How to complete this task: Copy the listing below exactly. Pictures stay out of it.

### Raw data ###

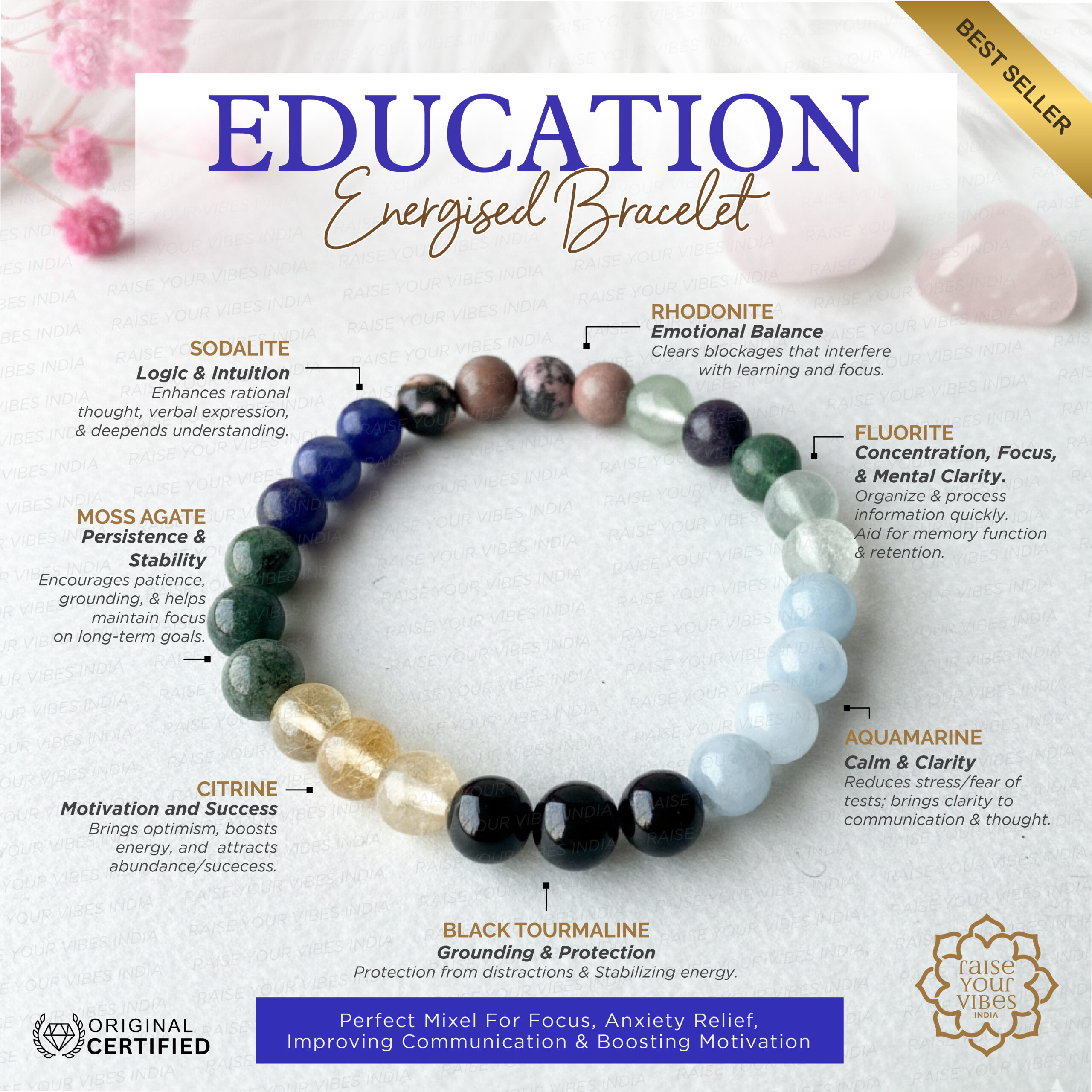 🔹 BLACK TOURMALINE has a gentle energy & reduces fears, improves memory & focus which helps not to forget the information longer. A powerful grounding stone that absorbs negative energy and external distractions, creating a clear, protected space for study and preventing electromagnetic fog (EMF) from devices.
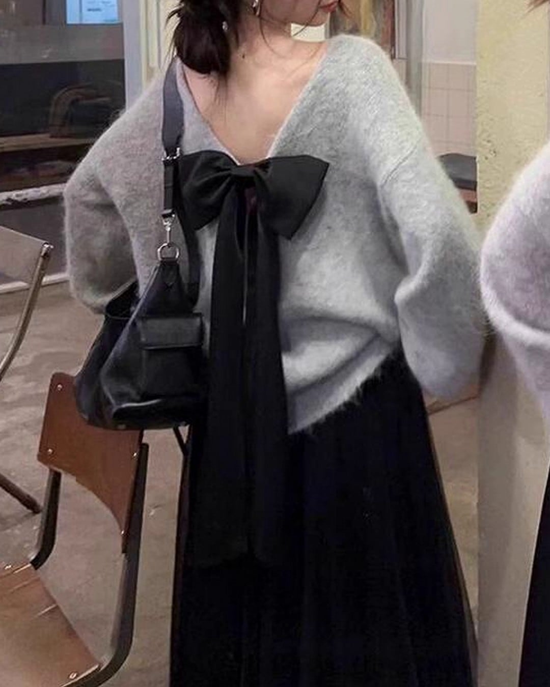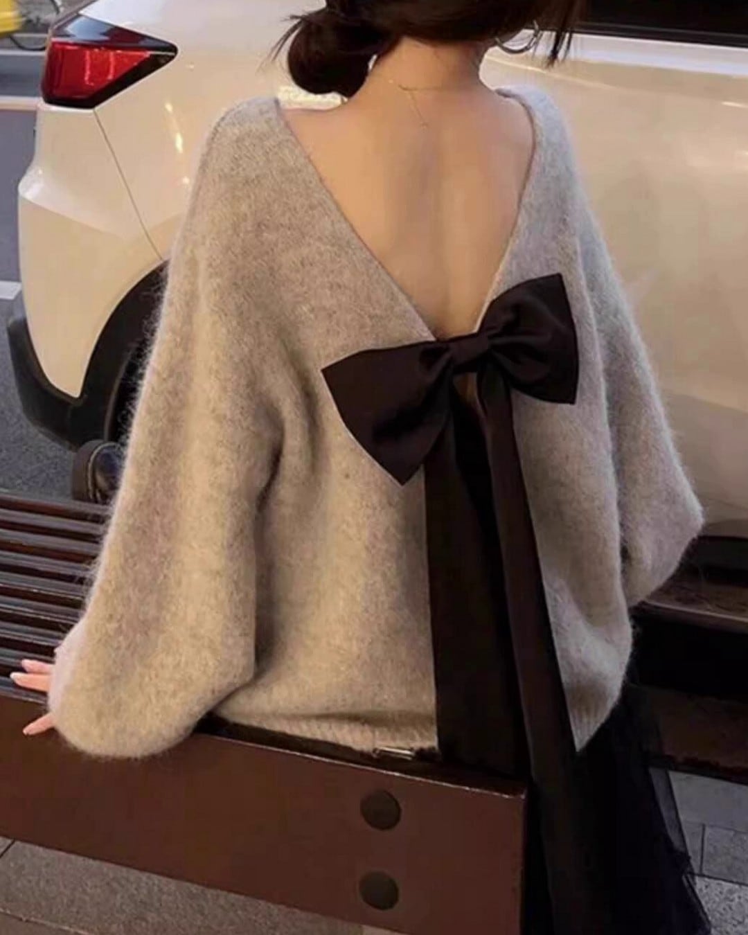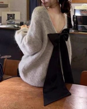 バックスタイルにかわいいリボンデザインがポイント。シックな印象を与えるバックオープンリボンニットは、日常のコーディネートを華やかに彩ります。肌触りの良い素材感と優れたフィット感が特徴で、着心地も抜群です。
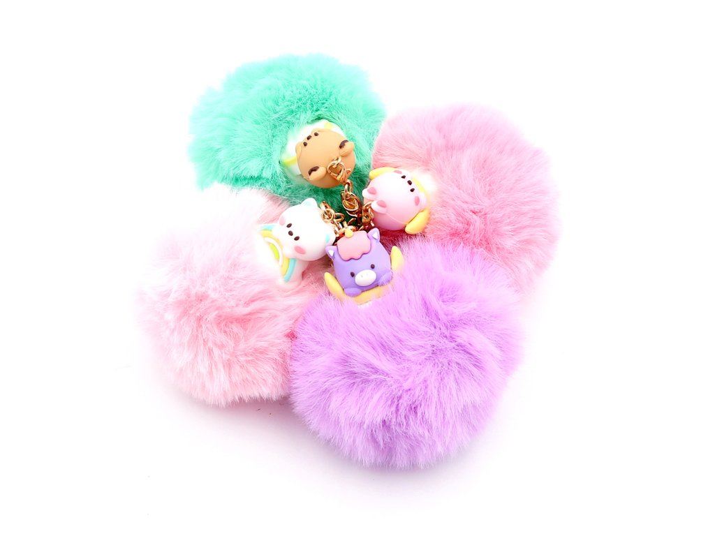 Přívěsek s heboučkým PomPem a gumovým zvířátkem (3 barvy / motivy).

###

Output for this task:
 🔹 BLACK TOURMALINE has a gentle energy & reduces fears, improves memory & focus which helps not to forget the information longer. A powerful grounding stone that absorbs negative energy and external distractions, creating a clear, protected space for study and preventing electromagnetic fog (EMF) from devices.
 バックスタイルにかわいいリボンデザインがポイント。シックな印象を与えるバックオープンリボンニットは、日常のコーディネートを華やかに彩ります。肌触りの良い素材感と優れたフィット感が特徴で、着心地も抜群です。
 Přívěsek s heboučkým PomPem a gumovým zvířátkem (3 barvy / motivy).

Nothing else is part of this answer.